Sanggar Sang Setie (Terbaik 2) Parade Tari Daerah
Foto Dinas Pariwisata Lingga
Parade yang diikuti 9 karya tari ini
mendatangkan tiga eksekutor yang kemampuannya tidak perlu diragukan lagi, ada
Epi Martison seniman tari dan musik asal Riau yang lebih dari separuh umurnya masih
tunak dengan kesenimannya di Jakarta. Ke dua Said Parman, (Seniman Pemangku
Negeri) seorang tokoh, budayawan, koreografer dan juga dikenal sebagai maestro
Makyong. Serta Mohammad Zen Kepala Bidang di Dinas Pariwisata Kota Batam.

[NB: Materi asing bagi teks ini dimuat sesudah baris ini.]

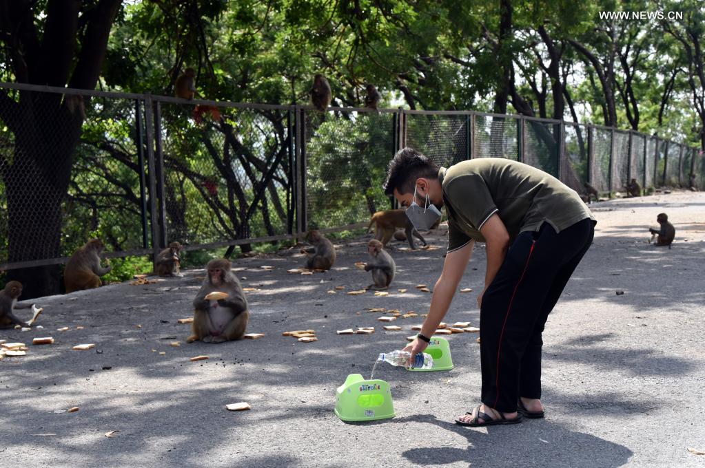 A volunteer feeds monkeys during a lockdown to prevent the spread of COVID-19 pandemic in Jammu, the winter capital of Indian-controlled Kashmir, May 13, 2021. (Str/Xinhua)
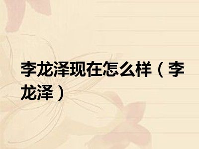 导读 目前是有很多朋友们对于李龙泽这个信息比较感兴趣,那么小编也是收集了一些李龙泽相关的信息来分享给大家,希望你会喜欢哦。
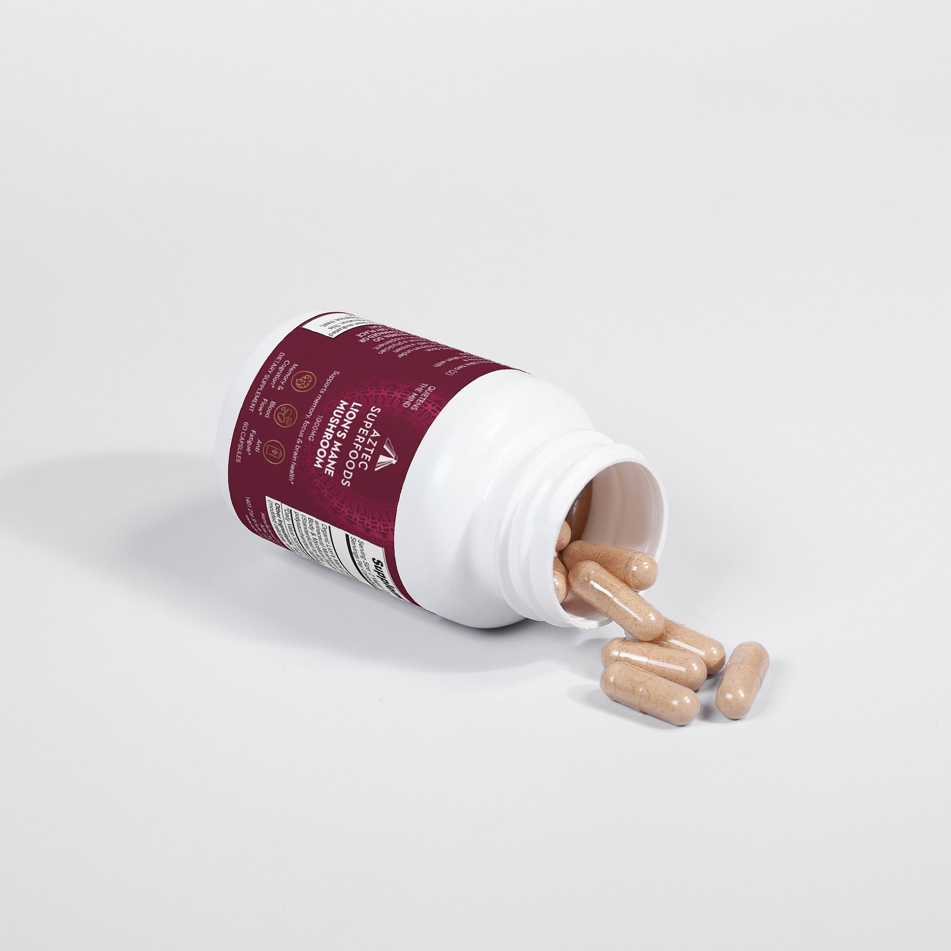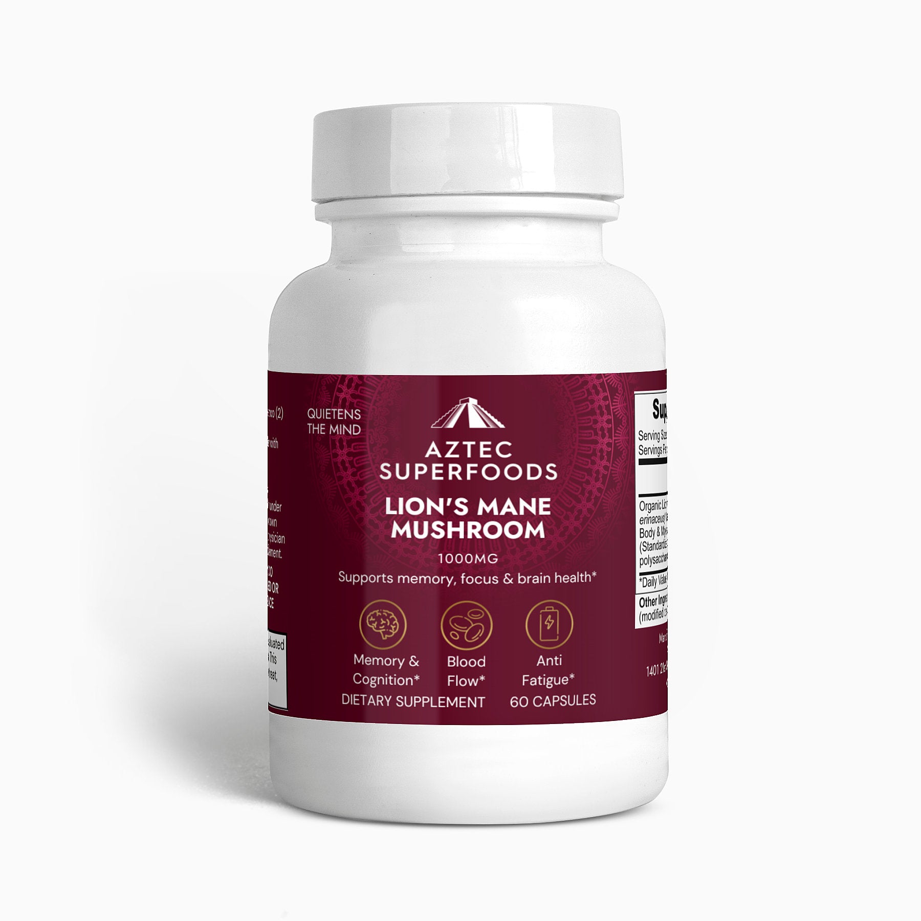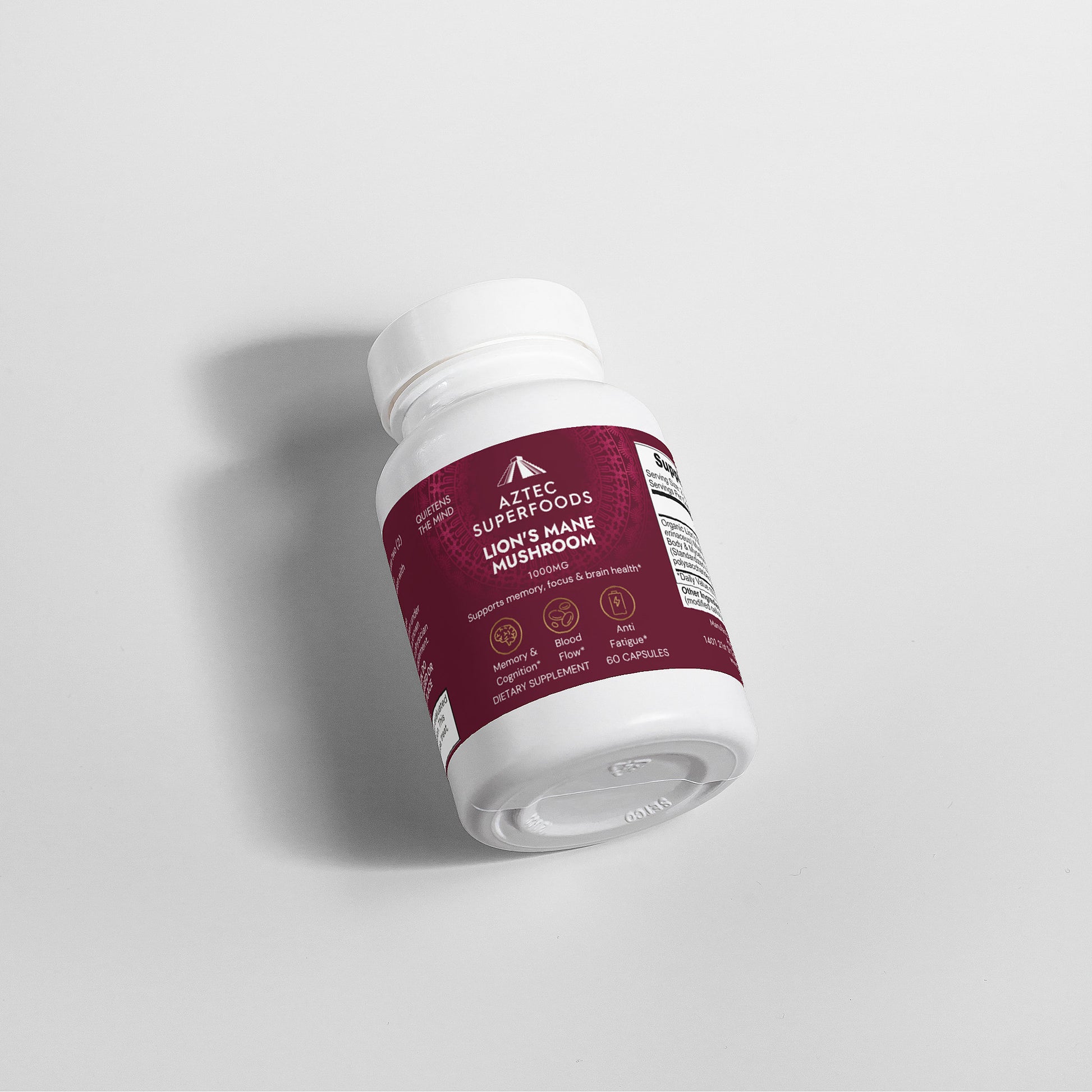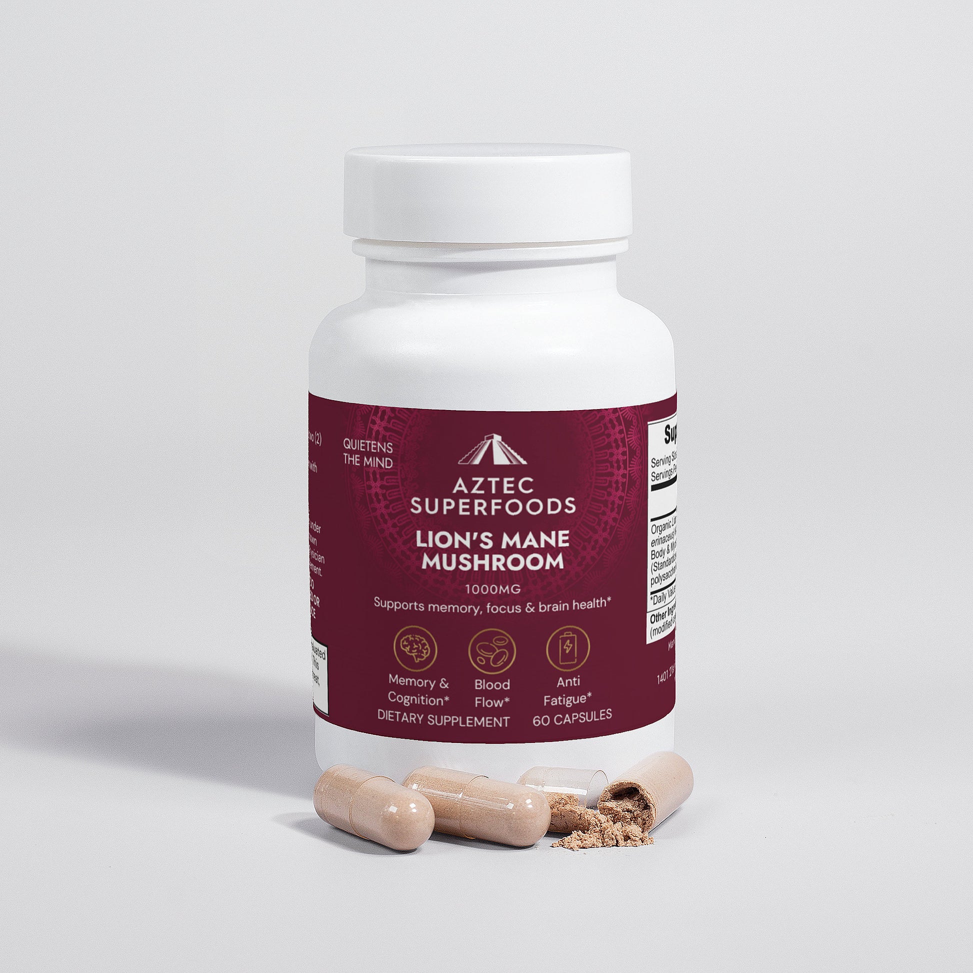 Ingredients: Organic Lion’s Mane (Hericum erinaceus) Mushroom Fruiting Body & Mycelium Powder (Standardized to 40% polysaccharides [400mg]), Organic capsule (pullulan, water), organic pea starch.
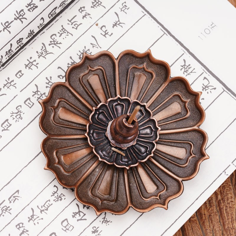 普云 莲花三宝铜合金香盘 三件套组香盘 香插适用盘香粗细款线香塔香 莲花三宝铜合金香盘
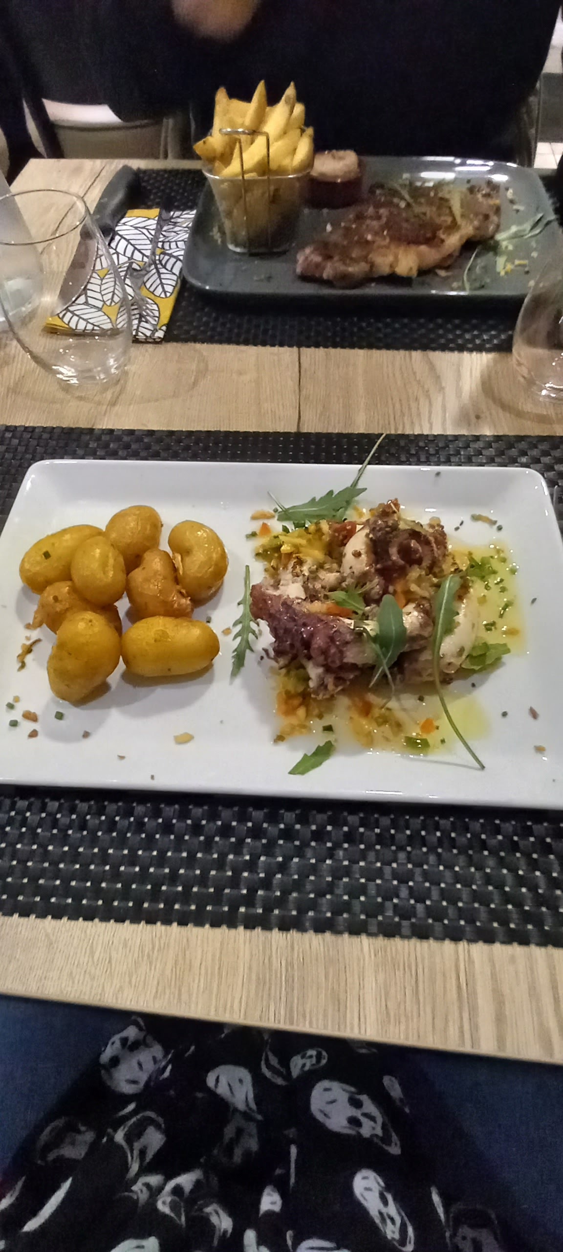 Une belle découverte, petit restro découvert par hasard, je me suis arrêtée pour lire la carte et elle m a tapé dans l oeil. Un climat sobre et chaleureux. Decoré avec goût. Une serveuse au top ! Joli découverte autant pour sa décoration que pour ce qu il y a dans l assiette. Un tartare au 2 saumons assaisonné à la perfection, un vrai régal. Une cote de boeuf maturée excellente avec une cuisson au top, et pour ceux qui aiment le poulpe, lancez vous, poulpe à la plancha une vraie tuerie, je n ai jamais mangé ce plat aussi bien cuisiné, cuit à la perfection ! Je reviendrais avec plaisir !
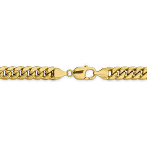 Ageless and classic, a wide Miami Cuban curb chain is eye-catching and fashionable. The 10k yellow gold hollow links on this polished bracelet chain are 9.3mm in width by 9 inches in length and close with a sturdy lobster clasp.
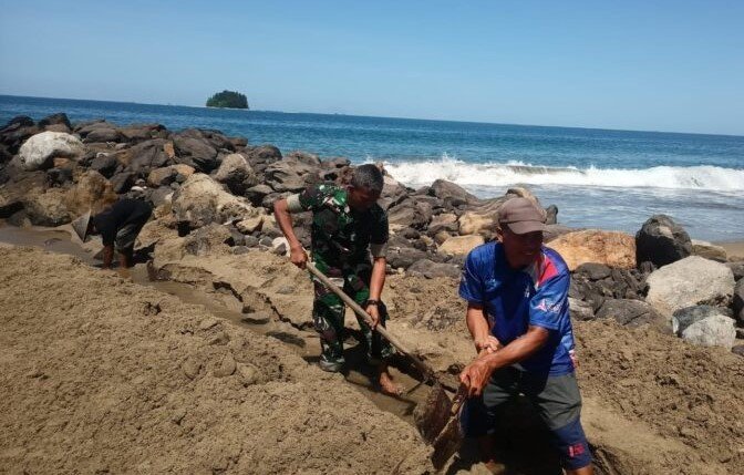 ABDYA – Babinsa Koramil 04/Susoh Kodim 0110/Abdya, Serda Abdul Kadir, bersama warga Desa Ujung Serangga, Kecamatan Susoh, menggelar aksi gotong
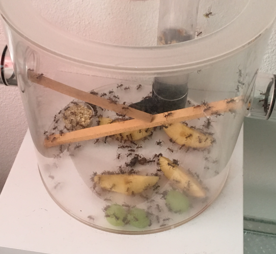 Die Nahrung in der Ameisenhaltung besteht oft aus Proteinen, z. B. Fruchtfliegen, Mehlwürmer oder spezielles Protein-Gel. Zuckerwasser oder Honigwasser als Energiequelle. Früchte z. B. Apfelstücke, Banane oder Trauben.

Sosok
Zen yang sebelumnya dikenal sebagai penari handal. Kini tenaga dan pikirannya
dihibahkan untuk kemajuan pariwisata khususnya cabang seni dan budaya.
Hanya berselang
satu jam Epi Martison sampai di Batam, mabuk lautnya belum begitu stabil,
tegaknya masih sempoyongan. Tapi ia tak sabaran untuk berkisah tentang tontonan
cerdas yang baru saja ia saksikan di Lingga. Menurutnya, parade tari Lingga semakin berkelas. Seniman
tari dan musik sudah semakin siap dan mantap. Melihat sajian malam itu, beberapa
nomor karya membuktikan pada penonton bahwa mereka benar-benar siap. Di akui,
beberapa karya dari kecamatan masih setia dengan pola-pola lama yang ada di
tradisinya. Prinsip sederhana dalam tari, mengangkat peristiwa keseharian ke
atas pentas tanpa mempertimbangkan unsur-unsur seni tari yang lainnya, kental
dirasa. Akan tetapi yang membuat kita bangga dan berharap, semangat yang mereka
miliki dalam bekarya seolah menjadi jaminan untuk berbuat lebih, mulai pada tatanan konsep sampai pada kesiapan tubuh
penari itu sendiri.
Untuk kasus ini, Epi Martison punya opsi.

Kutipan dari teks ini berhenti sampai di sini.